▶ **Work task**: Every entry below should be printed again exactly as it reads.

::: Available records

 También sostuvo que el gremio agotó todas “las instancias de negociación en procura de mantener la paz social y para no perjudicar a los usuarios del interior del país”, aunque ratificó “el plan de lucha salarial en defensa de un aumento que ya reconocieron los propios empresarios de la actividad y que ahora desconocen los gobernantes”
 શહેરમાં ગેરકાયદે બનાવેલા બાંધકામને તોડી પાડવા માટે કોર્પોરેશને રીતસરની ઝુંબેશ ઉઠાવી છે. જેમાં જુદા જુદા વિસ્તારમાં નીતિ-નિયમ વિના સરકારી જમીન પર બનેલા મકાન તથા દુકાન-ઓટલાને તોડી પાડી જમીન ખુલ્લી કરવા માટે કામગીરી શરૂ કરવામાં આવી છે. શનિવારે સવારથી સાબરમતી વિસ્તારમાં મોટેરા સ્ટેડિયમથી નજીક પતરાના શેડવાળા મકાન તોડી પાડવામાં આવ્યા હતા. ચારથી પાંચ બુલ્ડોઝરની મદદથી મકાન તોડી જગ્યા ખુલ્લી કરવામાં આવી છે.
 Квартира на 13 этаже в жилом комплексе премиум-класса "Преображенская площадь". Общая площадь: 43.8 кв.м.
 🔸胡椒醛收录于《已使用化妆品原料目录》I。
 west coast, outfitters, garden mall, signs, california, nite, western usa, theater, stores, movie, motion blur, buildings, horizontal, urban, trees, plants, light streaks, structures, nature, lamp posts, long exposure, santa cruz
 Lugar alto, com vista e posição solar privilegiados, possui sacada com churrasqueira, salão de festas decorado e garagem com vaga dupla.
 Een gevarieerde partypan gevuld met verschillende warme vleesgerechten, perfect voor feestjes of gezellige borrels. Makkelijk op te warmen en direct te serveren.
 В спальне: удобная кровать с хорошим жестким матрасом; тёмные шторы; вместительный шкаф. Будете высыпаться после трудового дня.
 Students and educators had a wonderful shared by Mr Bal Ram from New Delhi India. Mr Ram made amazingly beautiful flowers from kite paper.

::::::

▶ **Exercise answer**:
 También sostuvo que el gremio agotó todas “las instancias de negociación en procura de mantener la paz social y para no perjudicar a los usuarios del interior del país”, aunque ratificó “el plan de lucha salarial en defensa de un aumento que ya reconocieron los propios empresarios de la actividad y que ahora desconocen los gobernantes”
 શહેરમાં ગેરકાયદે બનાવેલા બાંધકામને તોડી પાડવા માટે કોર્પોરેશને રીતસરની ઝુંબેશ ઉઠાવી છે. જેમાં જુદા જુદા વિસ્તારમાં નીતિ-નિયમ વિના સરકારી જમીન પર બનેલા મકાન તથા દુકાન-ઓટલાને તોડી પાડી જમીન ખુલ્લી કરવા માટે કામગીરી શરૂ કરવામાં આવી છે. શનિવારે સવારથી સાબરમતી વિસ્તારમાં મોટેરા સ્ટેડિયમથી નજીક પતરાના શેડવાળા મકાન તોડી પાડવામાં આવ્યા હતા. ચારથી પાંચ બુલ્ડોઝરની મદદથી મકાન તોડી જગ્યા ખુલ્લી કરવામાં આવી છે.
 Квартира на 13 этаже в жилом комплексе премиум-класса "Преображенская площадь". Общая площадь: 43.8 кв.м.
 🔸胡椒醛收录于《已使用化妆品原料目录》I。
 west coast, outfitters, garden mall, signs, california, nite, western usa, theater, stores, movie, motion blur, buildings, horizontal, urban, trees, plants, light streaks, structures, nature, lamp posts, long exposure, santa cruz
 Lugar alto, com vista e posição solar privilegiados, possui sacada com churrasqueira, salão de festas decorado e garagem com vaga dupla.
 Een gevarieerde partypan gevuld met verschillende warme vleesgerechten, perfect voor feestjes of gezellige borrels. Makkelijk op te warmen en direct te serveren.
 В спальне: удобная кровать с хорошим жестким матрасом; тёмные шторы; вместительный шкаф. Будете высыпаться после трудового дня.
 Students and educators had a wonderful shared by Mr Bal Ram from New Delhi India. Mr Ram made amazingly beautiful flowers from kite paper.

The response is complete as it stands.